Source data

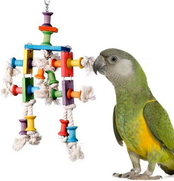 The colorful wooden spools on this toy will bob and dance when your birds plays with it. Adorned with short strands of fun to preen 100% cotton rope.
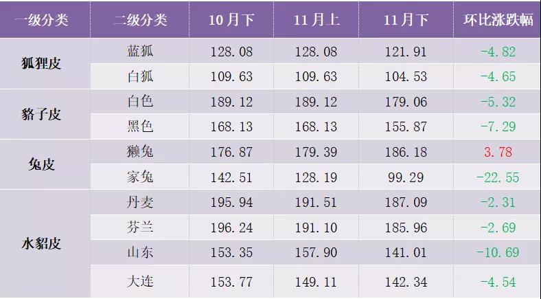 11月下半月,裘皮產(chǎn)品價(jià)格總指數(shù)持續(xù)下滑
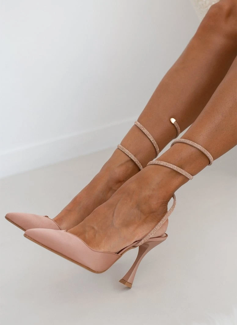 Γόβες μυτερές με Strass έλασμα Tfp – Nude
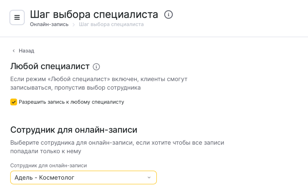 Этот режим также можно включить при настройке шагов онлайн-записи, указав вариант «Любой специалист» как выбор по умолчанию. Подробнее о настройке этих параметров читайте в соответствующей статье.
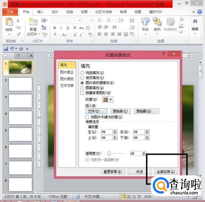 此时,我们点击右下角的“全部应用”,所有的PPT就都是同样的背景图片啦!
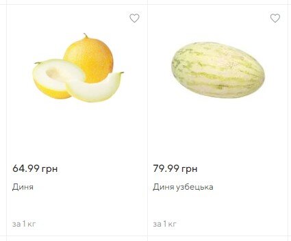 А ось ціни на диню так і залишаються на високому рівні. Зокрема в Ашан диню можна придбати за ціною від 57,90 грн/кг до 62,90 грн/кг.
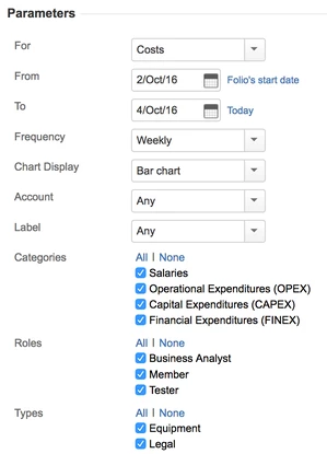Чтобы изменить период, охватываемый отчетом, просто установите даты в полях «От» ("From") и «До» ("To") на любые даты, которые вы хотите. Фактический рассматриваемый период будет охватывать самую позднюю из даты начала фолио и дату, указанную в поле «От» ("From") (расходы, определенные для возникновения до начала фолио, не будут учитываться). Вы можете указать, какую частоту следует использовать в отчете для разбивки всего периода. Например, при выборе «Ежемесячная частота» ("Monthly frequency") будут отображаться значения доходов и расходов с разбивкой по календарным месяцам. Выберите значение «Итого» ("Total") в разделе «Частота» ("Frequency"), чтобы получить заработанные стоимости и все расходы за полный период без разбивки. Наконец, вы можете ограничить рассматриваемые платежи определенным количеством типов и / или ролей. Просто выберите / отмените выбор интересующих вас типов, и отчет будет мгновенно обновлен, чтобы отразить новый выбор. Выбор или отмена выбора категории приведет к соответствующему обновлению списка доступных типов и ролей. См. Таблицу ниже для получения подробной информации о параметрах отчета.
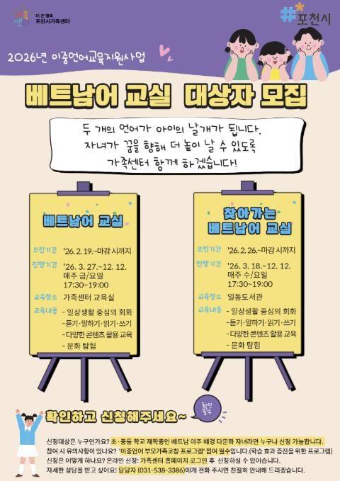한방통신사 신유철기자 기자 | 포천시 직영 ‘더 큰 행복 포천시가족센터’는 다문화 자녀의 이중언어 역량 강화를 위한 2026년 이중언어 교육지원사업 베트남 교실 수강생을 모집한다.
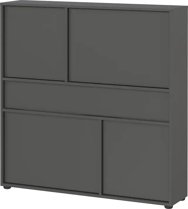 Maße (B x T x H): 105 x 25 x 108 cm. Verstellbare Einlegeböden zur individuellen Gestaltung. Push-to-open Technik für sanftes Öffnen und Schließen bei leichtem Druck. Kratzfeste und widerstandsfähige Oberflächenbeschichtung. Made in Germany
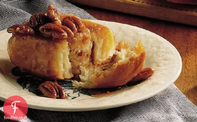 גלילי קרמל-פקאן דביקים (קלים יותר ) עשויים להיות רק הלחם שאתם מחפשים. חלק אחד של המנה הזאת מכיל בערך 4 גר' של חלבון, 7 גרם של שומן, וסך הכל 204 קלוריות. המתכון הזה מכסה %6 מהצריכה היומית המומלצת של ויטמינים ומינרליים. והוא יספק כ 15 מנות. אם יש לכם מרגרינה, סוכר חום, מרגרינה, וקומץ של מרכיבים אחרים הם כל מה שנדרש כדי להפוך את המתכון הזה לכל כך טעים. זמן הכנת המתכון כ 3 שעות ו-15 דקות. מתכונים דומים: גלילי קרמל-פקאן דביקים, לחמניות קינמון קרמל פקאן דביקות, ו קרמל אגוז דלעת גלילים דביקים עם King ' s Hawaiian® Dinner Rolls # KHHolidayRollCall.
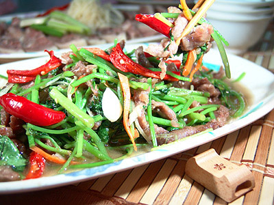 位于民生路上的三和鹅肉,是一间有三十五年历史的山产料理店,以水里地方的山产、溪产及野菜等多样的食材,做出一道道美味而地道的佳肴。老板娘林女士就特别推荐酥炸溪虾、炸溪鱼、山芹菜炒山猪肉、白斩鹅肉等几道人气料理,都是水里原味的美食。
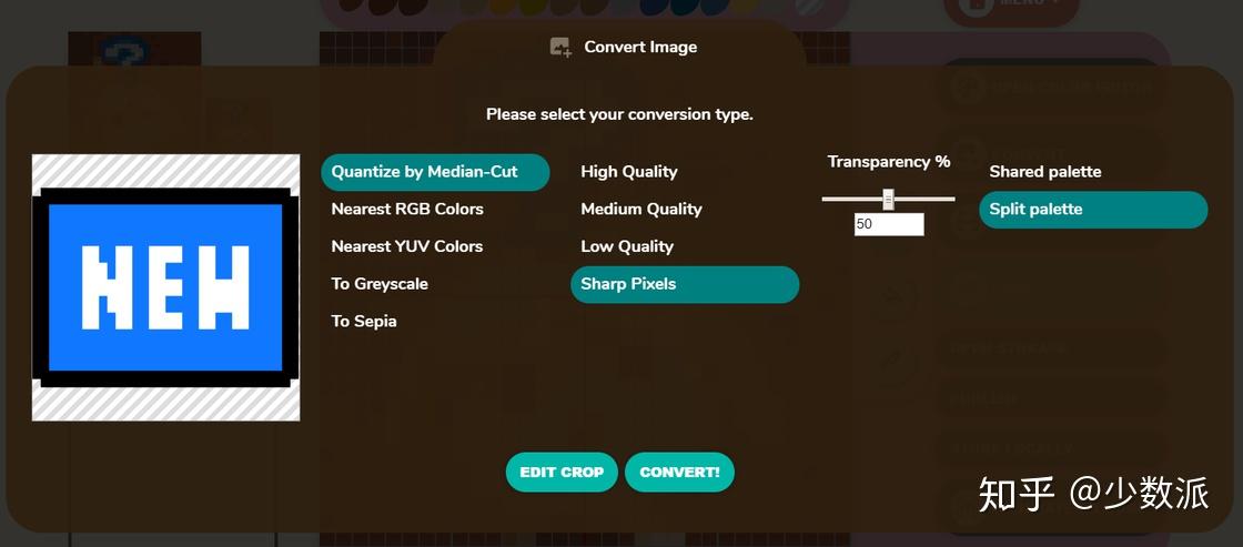 不仅如此,它还能把帮你把一张照片转换成像素画。使用起来也非常简单,点击「Convert Image」,选择一张本地的照片上传,然后再根据自己的需要调整颜色、精细度和透明度,点击「Convert」就转换完成了。
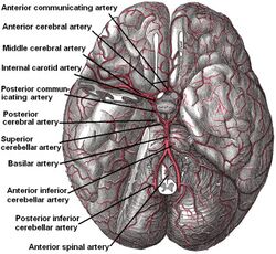 According to Koffler et al., lacunes are derived from an "occlusion of a single deep penetrating artery that arises directly from the constituents of the circle of Willis, cerebellar arteries, and basilar artery". Other lesions that are associated with lacunes appear in the "deep nuclei of the brain (37% putamen, 14% thalamus, and 10% caudate) as well as the pons (16%) or the posterior limb of the internal capsule (10%)". These lesions are less common within other brain regions such as the cerebellum, cerebral white matter and anterior limb of the internal capsule.[9]
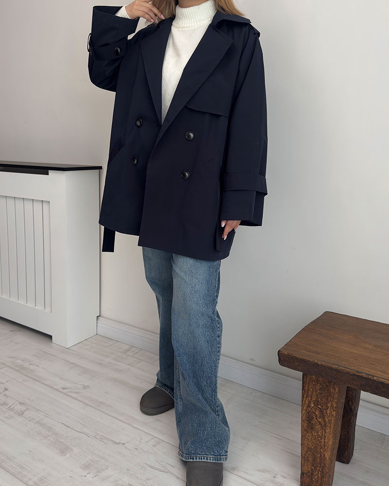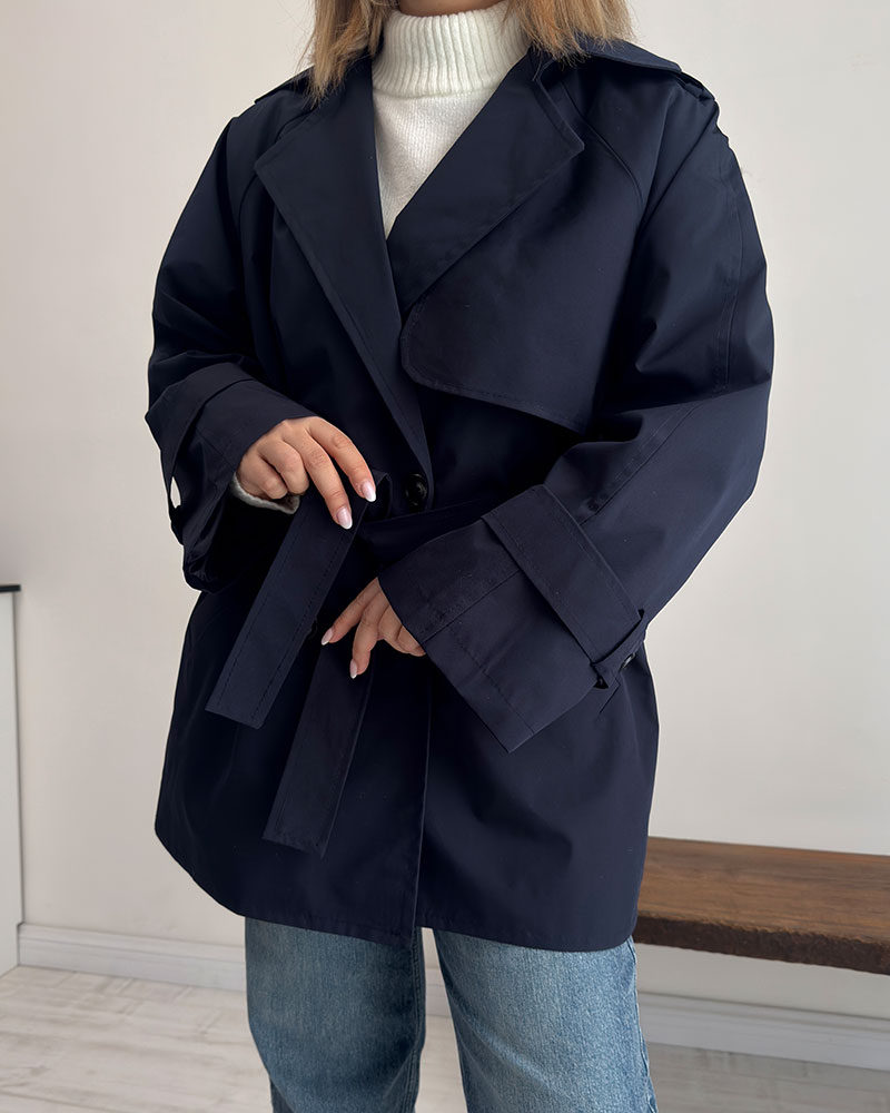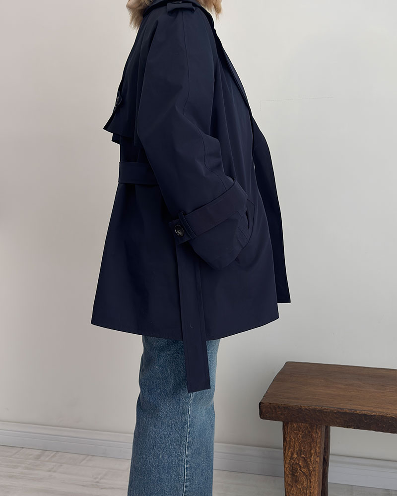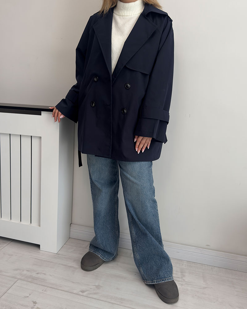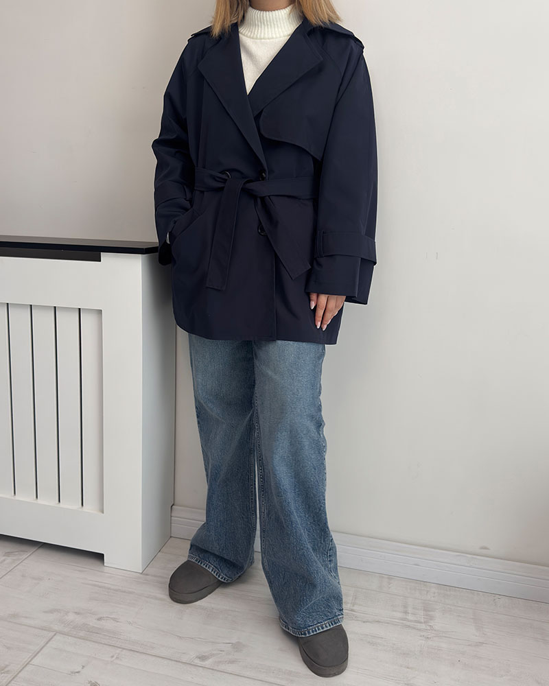 ترنچ کت Drop قد کوتاه (سرمه ای)
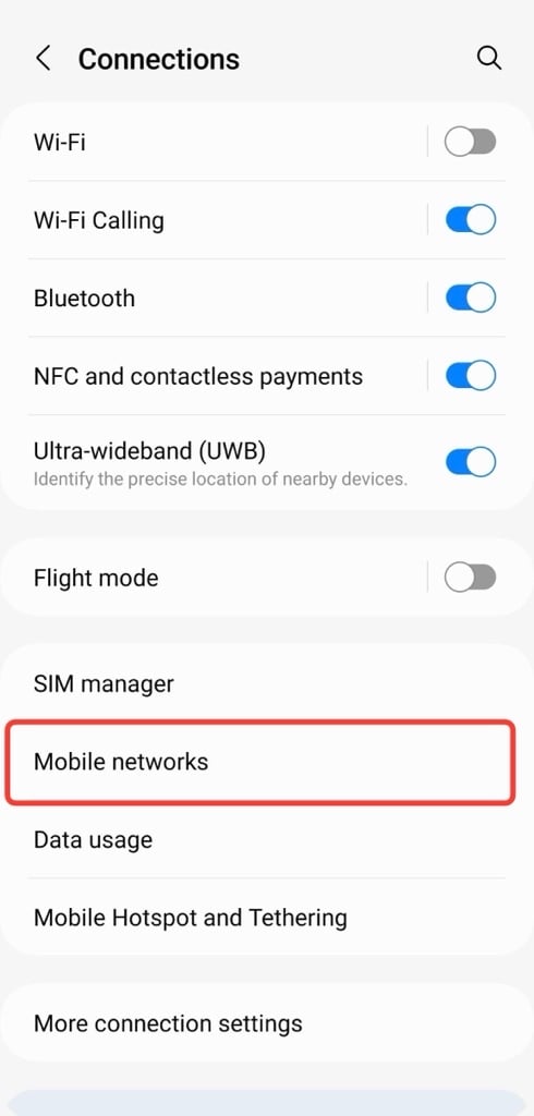 Langkah 1: Buka Tetapan, kemudian klik 'Sambungan' ![]() | Langkah 2: Pilih 'Rangkaian Mudah Alih'
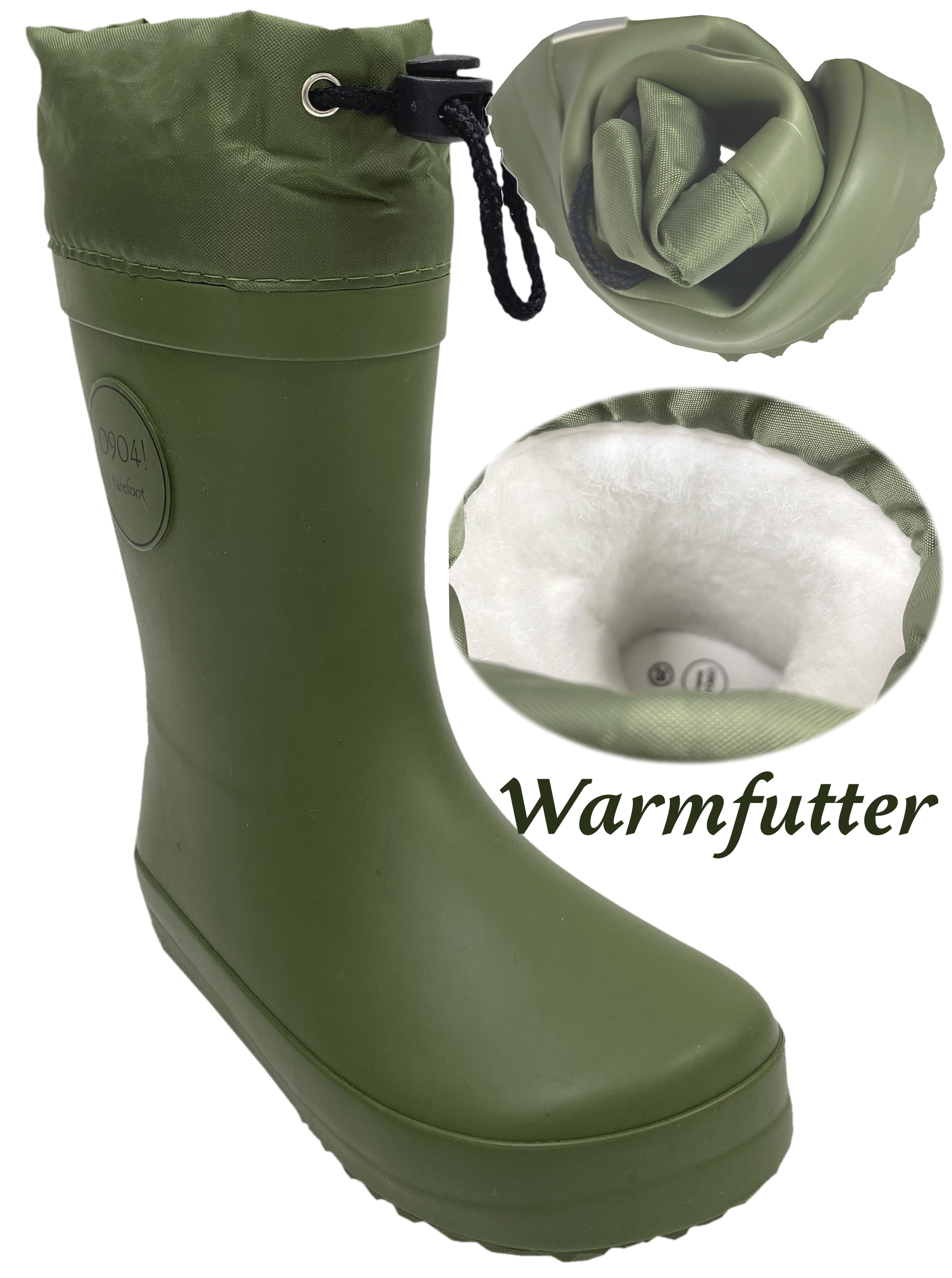 Weicher und flexibler Gummistiefel mit Warmfutter, herausnehmbarer textiler Innensohle ( Optional auszuwecheln gegen eine dicke Lammwoll-, Thermo- oder Wollsohle ) in anliegender, nicht zu weiter Mittelschafthöhe mit Stulpe, anatomisch geformter Zehenbox zum ausgelassenen Pfützenspringen an kühleren Tagen mit quer und längs flexibler Minimalsohle von 0904! Barefoot.
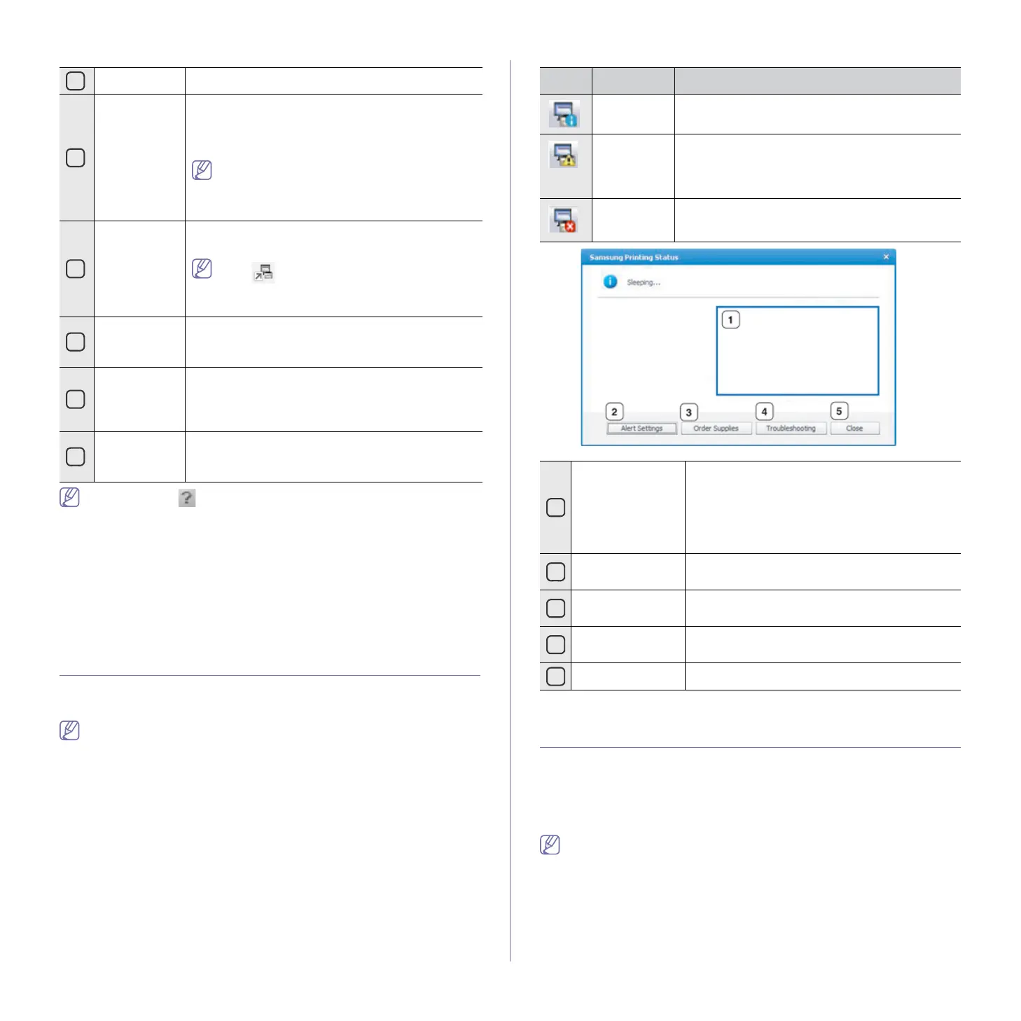 • The Samsung Printer Status window and its contents shown in this
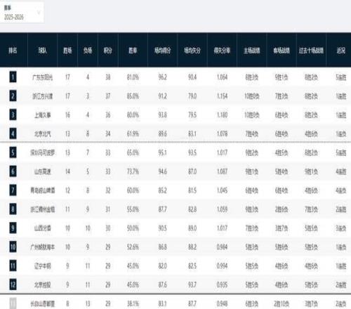 CBA最新排名,广东升至第一,首钢队第四,辽宁重回季后赛

> [Work required] Pictures must not appear in the copy, and every record must be restated word for word.

> [Response below]
 The colorful wooden spools on this toy will bob and dance when your birds plays with it. Adorned with short strands of fun to preen 100% cotton rope.
 11月下半月,裘皮產(chǎn)品價(jià)格總指數(shù)持續(xù)下滑
 Γόβες μυτερές με Strass έλασμα Tfp – Nude
 Этот режим также можно включить при настройке шагов онлайн-записи, указав вариант «Любой специалист» как выбор по умолчанию. Подробнее о настройке этих параметров читайте в соответствующей статье.
 此时,我们点击右下角的“全部应用”,所有的PPT就都是同样的背景图片啦!
 А ось ціни на диню так і залишаються на високому рівні. Зокрема в Ашан диню можна придбати за ціною від 57,90 грн/кг до 62,90 грн/кг.
Чтобы изменить период, охватываемый отчетом, просто установите даты в полях «От» ("From") и «До» ("To") на любые даты, которые вы хотите. Фактический рассматриваемый период будет охватывать самую позднюю из даты начала фолио и дату, указанную в поле «От» ("From") (расходы, определенные для возникновения до начала фолио, не будут учитываться). Вы можете указать, какую частоту следует использовать в отчете для разбивки всего периода. Например, при выборе «Ежемесячная частота» ("Monthly frequency") будут отображаться значения доходов и расходов с разбивкой по календарным месяцам. Выберите значение «Итого» ("Total") в разделе «Частота» ("Frequency"), чтобы получить заработанные стоимости и все расходы за полный период без разбивки. Наконец, вы можете ограничить рассматриваемые платежи определенным количеством типов и / или ролей. Просто выберите / отмените выбор интересующих вас типов, и отчет будет мгновенно обновлен, чтобы отразить новый выбор. Выбор или отмена выбора категории приведет к соответствующему обновлению списка доступных типов и ролей. См. Таблицу ниже для получения подробной информации о параметрах отчета.
한방통신사 신유철기자 기자 | 포천시 직영 ‘더 큰 행복 포천시가족센터’는 다문화 자녀의 이중언어 역량 강화를 위한 2026년 이중언어 교육지원사업 베트남 교실 수강생을 모집한다.
 Maße (B x T x H): 105 x 25 x 108 cm. Verstellbare Einlegeböden zur individuellen Gestaltung. Push-to-open Technik für sanftes Öffnen und Schließen bei leichtem Druck. Kratzfeste und widerstandsfähige Oberflächenbeschichtung. Made in Germany
 גלילי קרמל-פקאן דביקים (קלים יותר ) עשויים להיות רק הלחם שאתם מחפשים. חלק אחד של המנה הזאת מכיל בערך 4 גר' של חלבון, 7 גרם של שומן, וסך הכל 204 קלוריות. המתכון הזה מכסה %6 מהצריכה היומית המומלצת של ויטמינים ומינרליים. והוא יספק כ 15 מנות. אם יש לכם מרגרינה, סוכר חום, מרגרינה, וקומץ של מרכיבים אחרים הם כל מה שנדרש כדי להפוך את המתכון הזה לכל כך טעים. זמן הכנת המתכון כ 3 שעות ו-15 דקות. מתכונים דומים: גלילי קרמל-פקאן דביקים, לחמניות קינמון קרמל פקאן דביקות, ו קרמל אגוז דלעת גלילים דביקים עם King ' s Hawaiian® Dinner Rolls # KHHolidayRollCall.
 位于民生路上的三和鹅肉,是一间有三十五年历史的山产料理店,以水里地方的山产、溪产及野菜等多样的食材,做出一道道美味而地道的佳肴。老板娘林女士就特别推荐酥炸溪虾、炸溪鱼、山芹菜炒山猪肉、白斩鹅肉等几道人气料理,都是水里原味的美食。
 不仅如此,它还能把帮你把一张照片转换成像素画。使用起来也非常简单,点击「Convert Image」,选择一张本地的照片上传,然后再根据自己的需要调整颜色、精细度和透明度,点击「Convert」就转换完成了。
 According to Koffler et al., lacunes are derived from an "occlusion of a single deep penetrating artery that arises directly from the constituents of the circle of Willis, cerebellar arteries, and basilar artery". Other lesions that are associated with lacunes appear in the "deep nuclei of the brain (37% putamen, 14% thalamus, and 10% caudate) as well as the pons (16%) or the posterior limb of the internal capsule (10%)". These lesions are less common within other brain regions such as the cerebellum, cerebral white matter and anterior limb of the internal capsule.[9]
 ترنچ کت Drop قد کوتاه (سرمه ای)
 Langkah 1: Buka Tetapan, kemudian klik 'Sambungan' ![]() | Langkah 2: Pilih 'Rangkaian Mudah Alih'
 Weicher und flexibler Gummistiefel mit Warmfutter, herausnehmbarer textiler Innensohle ( Optional auszuwecheln gegen eine dicke Lammwoll-, Thermo- oder Wollsohle ) in anliegender, nicht zu weiter Mittelschafthöhe mit Stulpe, anatomisch geformter Zehenbox zum ausgelassenen Pfützenspringen an kühleren Tagen mit quer und längs flexibler Minimalsohle von 0904! Barefoot.
 • The Samsung Printer Status window and its contents shown in this
 CBA最新排名,广东升至第一,首钢队第四,辽宁重回季后赛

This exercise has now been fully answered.